What the task requires =>
Leave out the pictures, and retype the remaining data exactly.

Source material =>
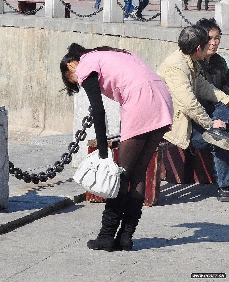 街拍粉裙黑絲襪女生
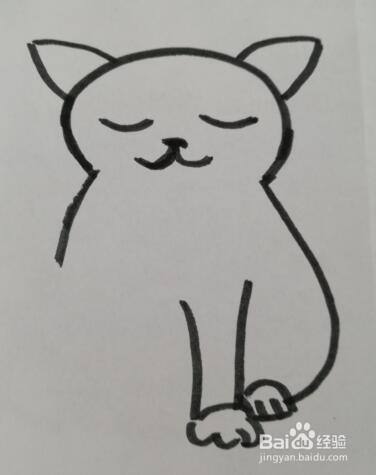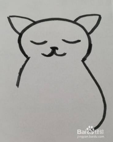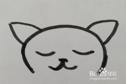 第二步,如图所示,画出小猫的耳朵和眼睛
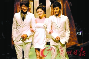 當(dāng)天,三位男女主角的現(xiàn)身方式十分特別。兩大帥哥黃曉明、何潤(rùn)東伴在大S兩側(cè), 坐在輕紗籠罩的華麗纜車(chē)上,徐徐空降到透明T臺(tái)上。三位偶像各自賣(mài)力秀出迷人微笑,揮手向粉絲致意。超短裙搭超高銀色高跟鞋,大S挽著兩位帥哥走過(guò)透明T臺(tái),享受著在座女性妒忌的眼光。

Solution for this problem =>
 街拍粉裙黑絲襪女生
 第二步,如图所示,画出小猫的耳朵和眼睛
 當(dāng)天,三位男女主角的現(xiàn)身方式十分特別。兩大帥哥黃曉明、何潤(rùn)東伴在大S兩側(cè), 坐在輕紗籠罩的華麗纜車(chē)上,徐徐空降到透明T臺(tái)上。三位偶像各自賣(mài)力秀出迷人微笑,揮手向粉絲致意。超短裙搭超高銀色高跟鞋,大S挽著兩位帥哥走過(guò)透明T臺(tái),享受著在座女性妒忌的眼光。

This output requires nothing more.